• EXERCISE MATERIAL:
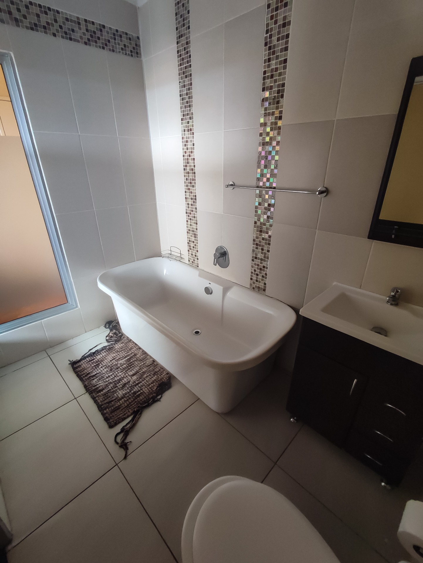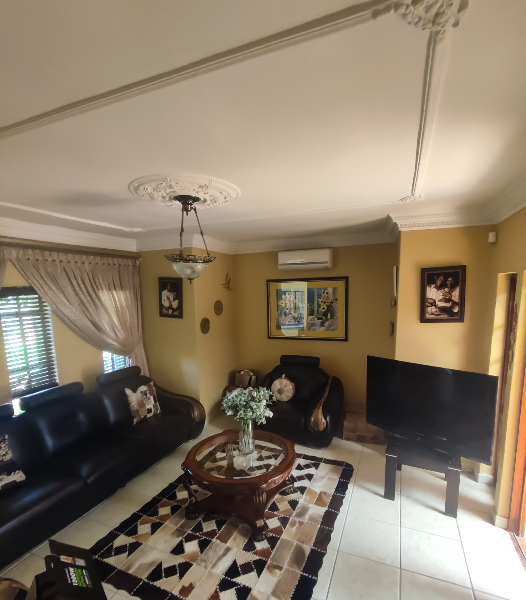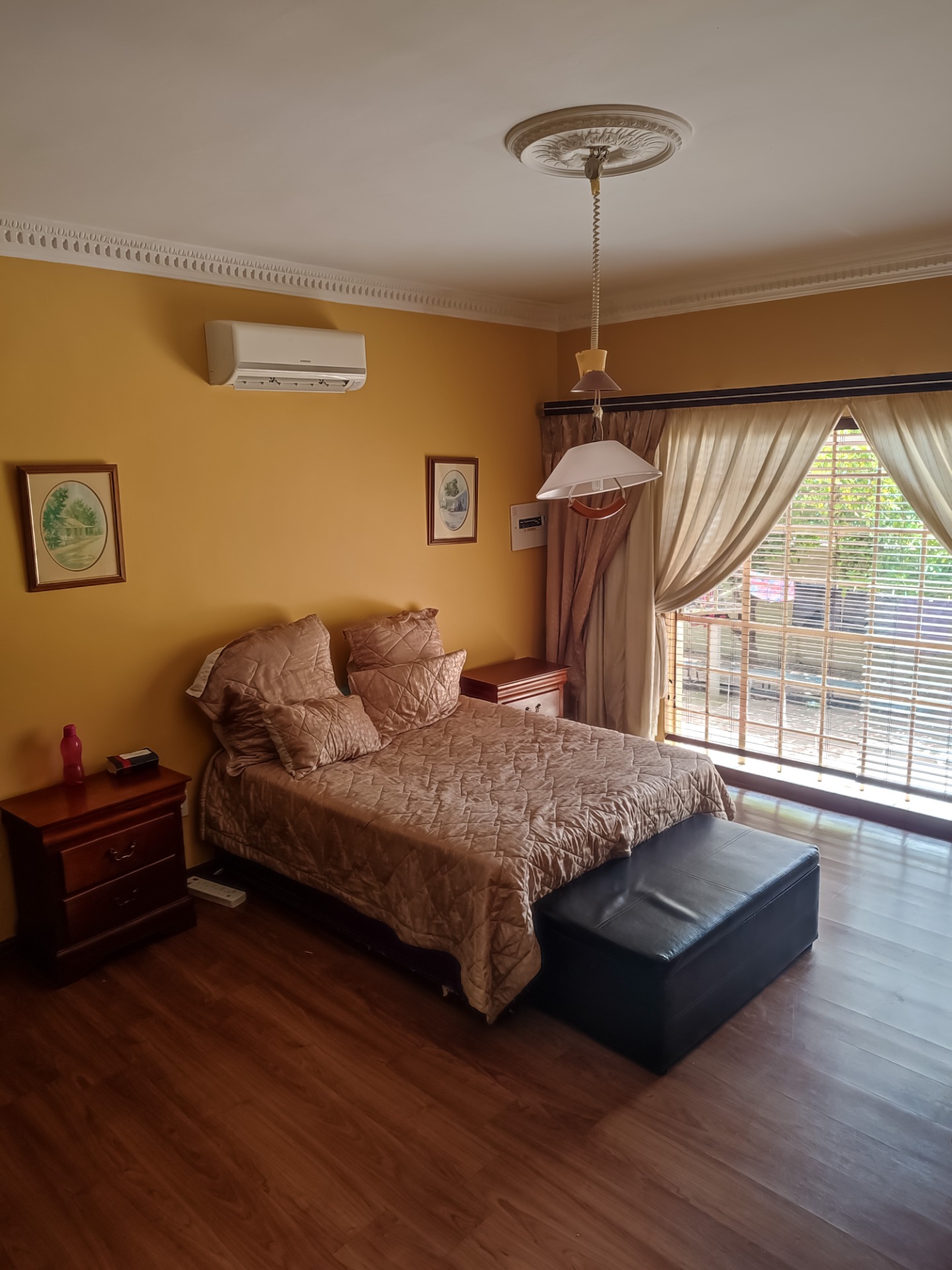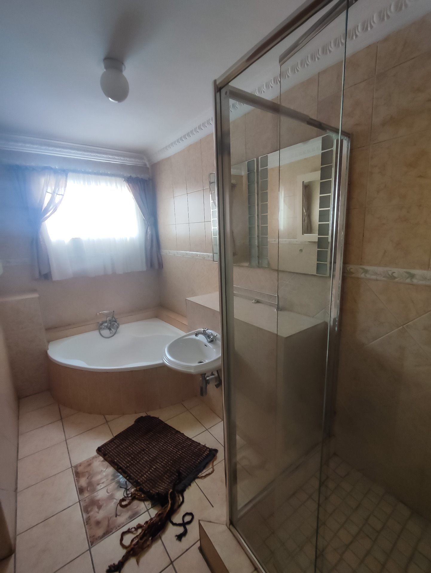 This double story home is any big family’s dream! Upon entry you arrive in the lovely kitchen with granite tops, wooden cupboards, and a pantry, leading to the lounge and dining room, equipped with a fireplace. The spacious entertainment area with built in braai is perfect for entertaining, from the wooden deck you have a clear view of the swimming pool and garden.
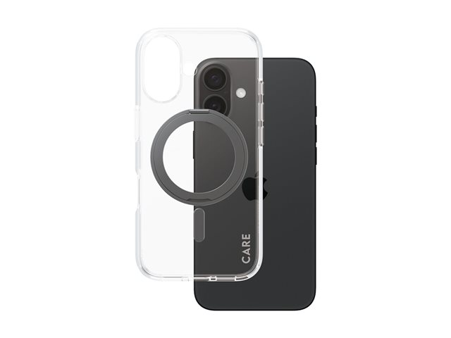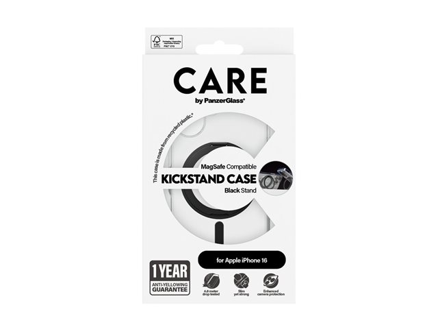 | Produktbeskrivning | CARE by PanzerGlass - Baksidesskydd för mobiltelefon - med fällbart ställ - MagSafe-kompatibilitet - termoplastisk polyuretan (TPU), polykarbonat (PC), aluminiumlegering - transparent, svart - för Apple iPhone 16 |
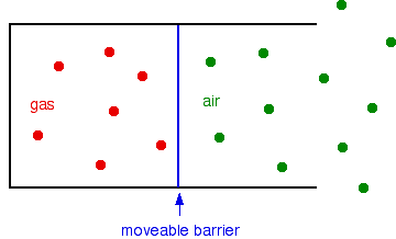 Now suppose if we heat the gas, but not the air that is outside. The gas molecules will now move faster and will hit the barrier more frequently. On the other side, air molecules are hitting it exactly as before.
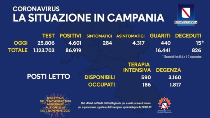 Coronavirus. 4.601 positivi in Campania su 25.806 tamponi.
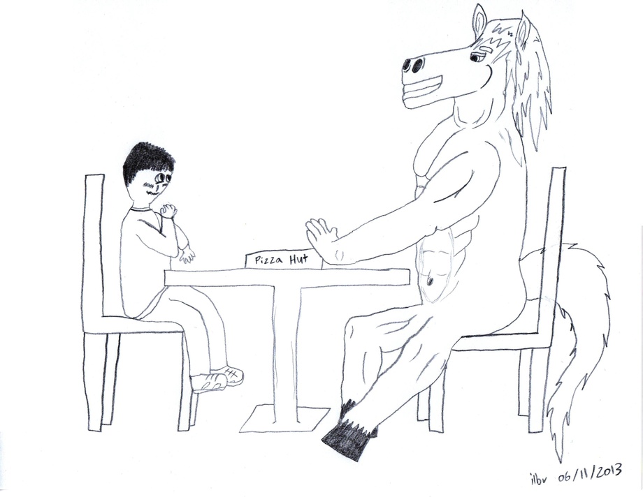 Thunder had ordered Pizza for himself one night when Jett was out and I was at work. I came home hungry and tired and didn’t find anything in the fridge. I joined Thunder at the table just to talk to him and see how his day had been, far too shy to ask for some of his pizza. Thunder being the gentle and caring horse he is, offered me some of his dinner…later on of course making me apart of it.

• WORK TASK:
Verbatim output of every entry above is required, though pictures are to be left out.

• SOLUTION TO THE PROBLEM:
 This double story home is any big family’s dream! Upon entry you arrive in the lovely kitchen with granite tops, wooden cupboards, and a pantry, leading to the lounge and dining room, equipped with a fireplace. The spacious entertainment area with built in braai is perfect for entertaining, from the wooden deck you have a clear view of the swimming pool and garden.
 | Produktbeskrivning | CARE by PanzerGlass - Baksidesskydd för mobiltelefon - med fällbart ställ - MagSafe-kompatibilitet - termoplastisk polyuretan (TPU), polykarbonat (PC), aluminiumlegering - transparent, svart - för Apple iPhone 16 |
 Now suppose if we heat the gas, but not the air that is outside. The gas molecules will now move faster and will hit the barrier more frequently. On the other side, air molecules are hitting it exactly as before.
 Coronavirus. 4.601 positivi in Campania su 25.806 tamponi.
 Thunder had ordered Pizza for himself one night when Jett was out and I was at work. I came home hungry and tired and didn’t find anything in the fridge. I joined Thunder at the table just to talk to him and see how his day had been, far too shy to ask for some of his pizza. Thunder being the gentle and caring horse he is, offered me some of his dinner…later on of course making me apart of it.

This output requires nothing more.